Now we can simply repeat the above steps for any other embedding. So, we will not place the full code for word2vec. We will only add the code to download and read the file.

!wget "https://tfhub.dev/google/Wiki-words-250/2"
embed = hub.load("https://tfhub.dev/google/Wiki-words-250/2")

embedding_dim = 250
word_index = keras.datasets.imdb.get_word_index()

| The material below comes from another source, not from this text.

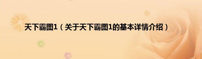 本文关于天下霸图1的基本详情介绍就讲解完毕,希望对大家有所帮助。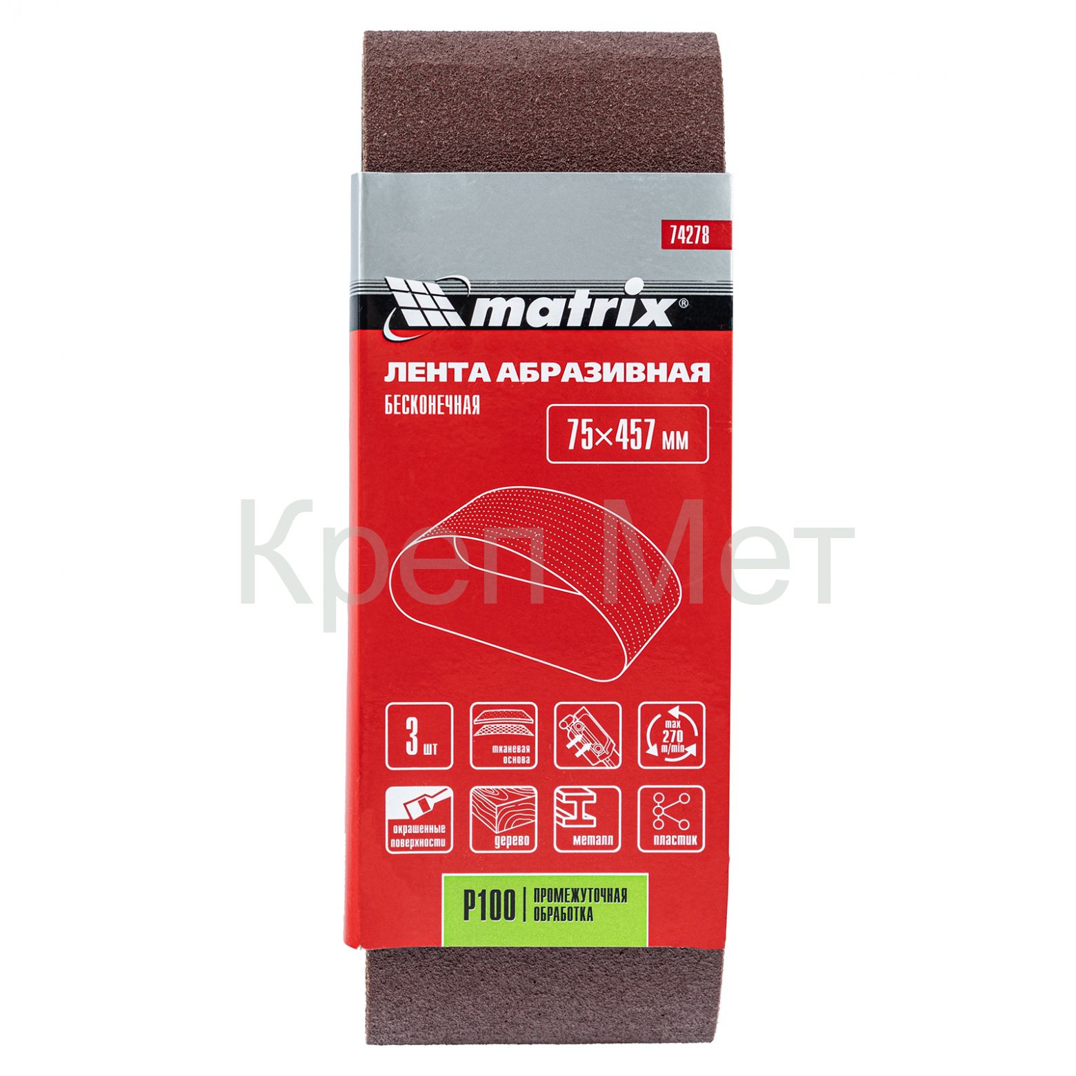- Лента абразивная бесконечная, P 100, 75 х 457 мм, 3 шт Matrix

embedding_matrix = np.zeros((vocab+1, embedding_dim))
for word, i in word_index.items():
    embedding_vector = embed([word]).numpy()[0]
    if embedding_vector is not None:
        embedding_matrix[i] = embedding_vector

Code-explanation
All other parts of the code is quite trivial and self-explanatory.

Training with fastest

Now everything should be quite simple. You can repeat the same for fasttext too. Below is the downloadable URL. Fasttext

Fine tuning the pre-trained

You might have observed that the test accuracy is around 80%. Since pre-trained embeddings are trained on a large and generic corpus, so not necessarily it will fit exactly to our dataset.
But we can fine-tune the pre-trained embedding with a very small Learning rate just like we do in a CNN pre-trained model.
This will improve the test accuracy to ~85% very easily.

model.layers[0].trainable = True

optimizer = keras.optimizers.Adam(learning_rate=0.0001)
model.compile(loss="binary_crossentropy", optimizer=optimizer, metrics=["accuracy"])

history = model.fit(x_train_ohe,y_train, epochs=5, validation_data=(x_test_ohe,y_test), batch_size=256)

Conclusion

This was all we have for applying any pre-trained word embedding to your tokens.
You can extend it to -

  • Any other dataset e.g. Fakenews dataset.
  • Try bigger dimensions of the pre-trained models Dimension of the embedding will be like any other Hyper-parameter i.e. start with the smallest and try a bigger one till you are satisfied with the computation/score trade-off.
    In the next part of the series, we will understand and code "Language Modelling".